To determine the structure of the CYP71AU87 products, ~ 1 mg of compounds 4 and 5 were extracted from 150 g of agroinfiltrated N. benthamiana leaf tissue, followed by purification using silica chromatography and semi-preparative HPLC analysis (Fig. 4). Although a separation of both compounds could not be achieved, the mixture of products 4 and 5 was successfully isolated with > 90% purity. Combining a suite of 1D and 2D NMR analyses identified the products as 9,13-epoxy labd-14-ene-18-ol and 9,13-epoxy labd-14-ene-19-ol (Fig. 4 and Additional file 5: Figure S3). Importantly, chemical shifts of C-9 (13C, 92.8 ppm) and C-13 (13C, 83.7) showed the presence of the 9,13-epoxy group rather than a free C-9 hydroxyl function in both CYP71AU87 products (Additional file 5: Figure S3). In addition, the NMR analysis demonstrated that hydroxylation of the CYP71AU87 occurred at C-18 or C-19, whereas presence of the methyl groups at C-20, C-17 and C-16 could be verified by means of HSQC and HMBC correlations (Additional file 5: Figure S3). Additional HMBC correlation analysis between C-18 and C-19 supported the identity of compounds 4 and 5 as an isomeric pair featuring hydroxyl groups at C-18 or C-19 (Additional file 5: Figure S3). As a definite assignment of which structure represents compounds 4 and 5 was not possible on the basis of these analyses, 9,13-epoxy labd-14-ene-18-ol and 9,13-epoxy labd-14-ene-19-ol were tentatively assigned as compounds 4 and 5, respectively. Additional transient N. benthamiana co-expression assays of MvCPS1, MvELS and CYP71AU87 with Mv3392, Mv4213, Mv1545 or Mv6504 did not result in any new reaction products that would indicate the ability of these P450 candidates in utilizing compounds 4 and 5 rather than the MvELS products as substrates (Additional file 4: Figure S2).

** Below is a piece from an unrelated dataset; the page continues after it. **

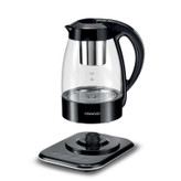 چای ساز کنوود مدل TMG70 با برخورداری از طراحی بسیار زیبا، کاربری ساده و ارگونومیک و سطح کیفی بالا به شیوهای قوی پاسخگوی نیازهای شما مبنی بر تهیه آب جوش و یا حتی نوشیدنیهایی همچون چای خواهد بود. لزوم دسترسی به آب جوش برای مصارف پر تعداد روزمره، وجود دستگاهی برای تهیه سریع آن را در هر محیط اعم از خانه و محل کار ایجاب میکند. این کتری برقی با بهرهگیری از توان مصرفی 2200 وات در کنار سیستم گرمایش المنت حرارتی قادر است عملیات جوش آوری آب را در اسرع زمان و به بهترین فرم ممکن به انجام برساند. طراحی ساخت این کتری در بخش عمده از متریال شیشه بوده که در قسمتهایی از پایه و محل ورودی آب با پلاستیک پوشانده شده است. دستگیره پلاستیکی مقاوم در برابر حرارت نیز جابجایی و نگهداری کتری برقی را به ایمنترین شکل امکانپذیر میکند. سطح شیشهای دارای درجهبندی میزان سطح آب است. نکته مثبت دیگر ساخت این کتری امکان مشاهده میزان سطح آب باقیمانده در هرلحظه از فرایند است. ظرفیت 1.2 لیتری چای ساز برقی کنوود مدل TMG70 حجم قابلقبولی از آب جوش را در هربار انجام فرایند در اختیار شما قرار میدهد. پایه قرارگیری چای ساز دارای 4 دکمه تنظیم حرارت است. با اعمال هریک از حرارتها قادر به تهیه یک نوع نوشیدنی خاص خواهید بود. دمای 75 درجه سانتیگراد مناسب تهیه چای سبز، دمای 85 درجه سانتیگراد مناسب تهیه چای قرمز و چای اولانگ، دمای 90 درجه سانتیگراد مناسب تهیه چای سیاه و در نهایت دمای 100 درجه مناسب جوش آوردن آب خواهند بود. مکانیزم عملکرد این چای ساز با اضافه کردن چای و یا دمنوش موردنظر در فیلتر استیل دستگاه و در نهایت اضافه کردن آب به داخل کتری به انجام میرسد. به محض رسیدن دستگاه به دمای ایدهآل، با اضافه شدن عصاره گیاه به سطح آب، چای و یا دمنوش با ارائه طعم و عطر اصلی دم خواهد کشید. سیستم گرمنگهدارنده چای ساز کنوود مدل TMG70 نوشیدنی را تا 30 دقیقه پس از تهیه در دمای ایدهآل نوشیدن حفظ میکند. دیگر جزئیات مهم این دستگاه برخورداری از سیستم ایمنی خودکار محافظت از کتری در برابر گرمای بیش از حد است، که فرایند را متوقف و دستگاه را خاموش میکند. امکان حرکت 360 درجهای پایه چای ساز کنوود مدل TMG70 موجب ایجاد دسترسی آسان به دسته کتری و حمل سریع دستگاه خواهد شد. گفتنی است تمامی بخشهای پلاستیکی بهکار رفته در ساخت این کتری فاقد ماده مضر شیمیایی BPA بوده که این امر خود سلامت آب جوش تهیه را متضمن میشود. امکان باز و بسته شدن آسان درپوش کتری و نشانگر روشن بودن دستگاه دیگر ویژگیهای چای ساز کنوود مدل TMG70 بهشمار میآید.

To further validate the activity of CYP71AU87 in N. benthamiana co-expression assays, we next performed co-expression of MvCPS1, MvELS, a M. vulgare cytochrome P450 reductase (MvCPR) and CYP71AU87 in yeast (Saccharomyces cerevisiae). For this purpose, the constructs pESC-HIS:MvCPS/ScBTS1, pESC-Trp:MvELS:/MvCPR and pESC-Ura:CYP71AU87 were generated to enable the co-expression of MvCPS1, MvELS, MvCPR, CYP71AU87 and the endogenous yeast GGPP synthase BTS1 in the yeast strain AM94 that is engineered for enhanced diterpenoid production [41]. GC-MS analysis of the resulting enzyme products confirmed the production of compounds 4 and 5, although with relatively low product abundance (Additional file 6: Figure S4). Notably, yeast expression of MvCPS1 alone or in combination with MvELS resulted in the formation of two additional compounds, 6 and 7, which represent the MvCPS1 product peregrinol 6 (i.e. dephosphorylated peregrinol diphosphate) [16] and likely a degradation product thereof 7, indicating a lower catalytic activity of MvCPS1, MvELS and/or CYP71AU87 as compared to co-expression assays in N. benthamiana. This observation is consistent with the presence of unconverted GGPP 8 substrate in the metabolite extract.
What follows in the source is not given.